[clang-tools-extra] [clangd] Improve filtering logic for undesired proto symbols (PR #110091)
kadir çetinkaya via cfe-commits
cfe-commits at lists.llvm.org
Mon Sep 30 02:25:21 PDT 2024
https://github.com/kadircet updated https://github.com/llvm/llvm-project/pull/110091
>From 02e1677ed40ef23792943d9b2cb895ba80312ee9 Mon Sep 17 00:00:00 2001
From: Kadir Cetinkaya <kadircet at google.com>
Date: Thu, 26 Sep 2024 10:55:49 +0200
Subject: [PATCH] [clangd] Improve filtering logic for undesired proto symbols
This used to filter any names with `_` in them, apart from
enum-constants.
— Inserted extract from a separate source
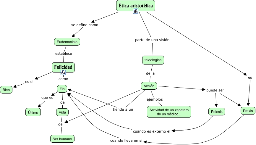 Este Cmap, tiene información relacionada con: Aristoteles_etica_2, Fin de Vida, Ética aristotélica es Praxis, teleológica de la Acción, Felicidad como Fin, Poiésis cuando es externo el Fin, Vida del Ser humano, Felicidad es el Bien, Eudemonista establece Felicidad, Ética aristotélica parte de una visión teleológica, Praxis cuando lleva en sí Fin, Acción tiende a un Fin, Acción ejemplos Actividad de un zapatero de un médico..., Acción puede ser Praxis, Fin que es Último, Acción del Ser humano, Ética aristotélica se define como Eudemonista, Acción puede ser Poiésis

Resulting in discrepancies in behavior when we had
fields that have `_` in the name, or for accessors like `set_`, `has_`.
The logic seems to be trying to filter mangled names for nested entries,
so adjusted logic to only do so for top-level decls, while still
preserving some public top-level helpers.
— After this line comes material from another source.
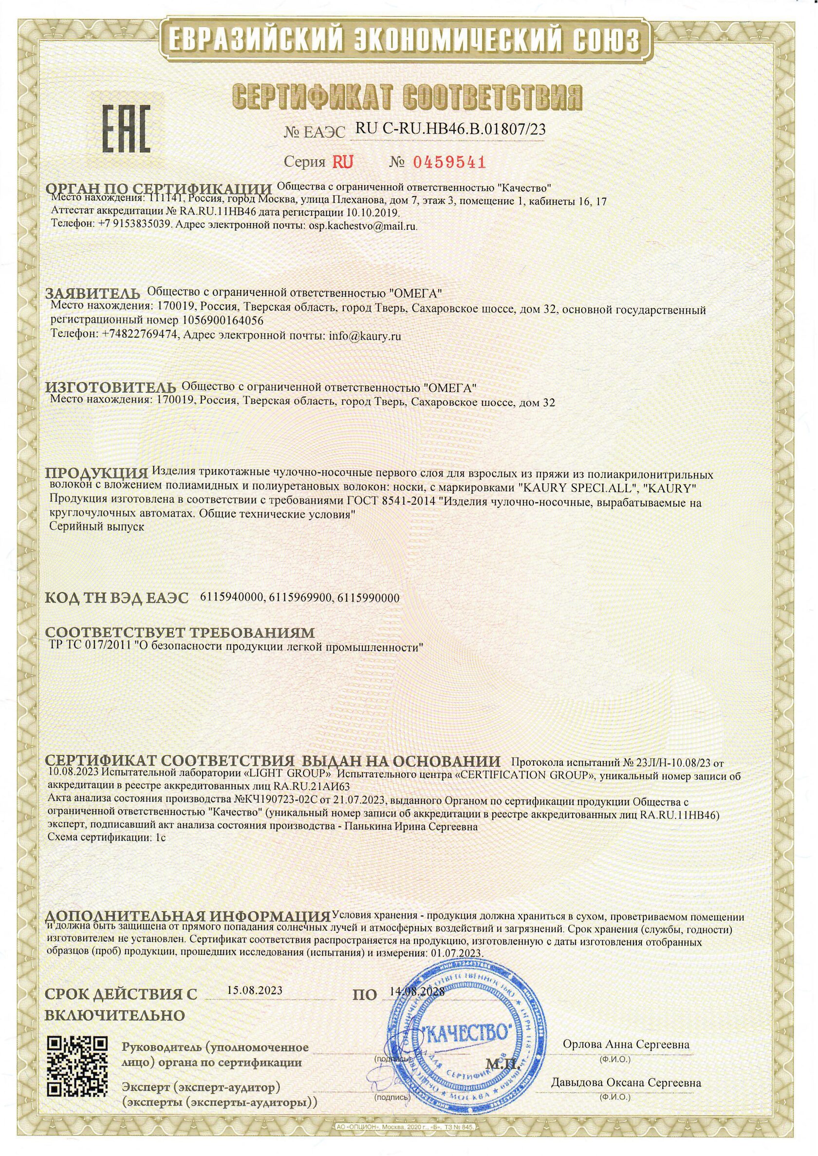 Изделия трикотажные чулочно-носочные первого слоя для взрослых из пряжи из полиакрилонитрильных волокон (по 14.08.2028)

Heuristics are still leaning towards false-negatives, e.g. if a
top-level entity has `_` in its name (`message Foo_Bar {}`), it'll be
filtered, or an enum that prefixes its type name to constants
(`enum Foo { Foo_OK }`).
---
.../clangd/index/SymbolCollector.cpp | 69 +++++++++++++++----
.../clangd/unittests/SymbolCollectorTests.cpp | 64 ++++++++++++++---
2 files changed, 111 insertions(+), 22 deletions(-)
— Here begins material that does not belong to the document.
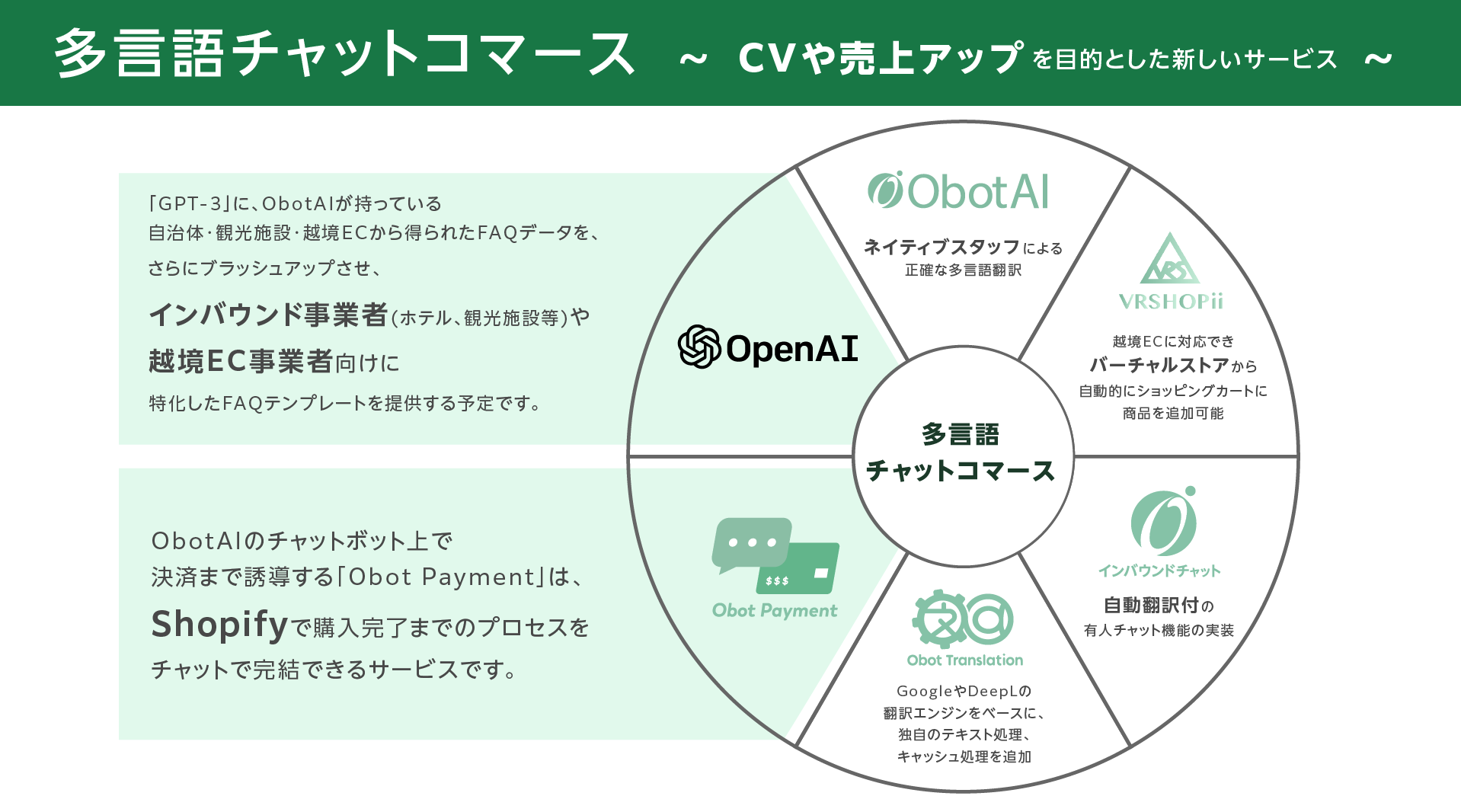 株式会社ObotAI(東京都港区、代表取締役社長:北見 好拡)は、多言語DXとして訪日外国人や越境EC事業者向けに、新しいサービスの提供を開始致します。インバウンド施設(宿泊施設や観光施設など)や越境ECサイト等に寄せられる、外国人からのお問い合わせに、多言語AIチャットボットや翻訳機能のついたライブチャットで顧客に対応します。また、ShopifyをはじめとしたECプラットフォームと連動してチャット上で決済ができる機能など、CV(コンバージョン)の向上を目的とした「多言語チャットコマース」を提供します。

diff --git a/clang-tools-extra/clangd/index/SymbolCollector.cpp b/clang-tools-extra/clangd/index/SymbolCollector.cpp
index a76894cf0855f3..d1d744a21cfd55 100644
--- a/clang-tools-extra/clangd/index/SymbolCollector.cpp
+++ b/clang-tools-extra/clangd/index/SymbolCollector.cpp
@@ -41,6 +41,7 @@
#include "llvm/ADT/DenseMap.h"
#include "llvm/ADT/SmallVector.h"
#include "llvm/ADT/StringRef.h"
+#include "llvm/Support/Casting.h"
#include "llvm/Support/ErrorHandling.h"
#include "llvm/Support/FileSystem.h"
#include "llvm/Support/Path.h"
@@ -75,18 +76,62 @@ bool isPrivateProtoDecl(const NamedDecl &ND) {
if (ND.getIdentifier() == nullptr)
return false;
auto Name = ND.getIdentifier()->getName();
- if (!Name.contains('_'))
- return false;
- // Nested proto entities (e.g. Message::Nested) have top-level decls
- // that shouldn't be used (Message_Nested). Ignore them completely.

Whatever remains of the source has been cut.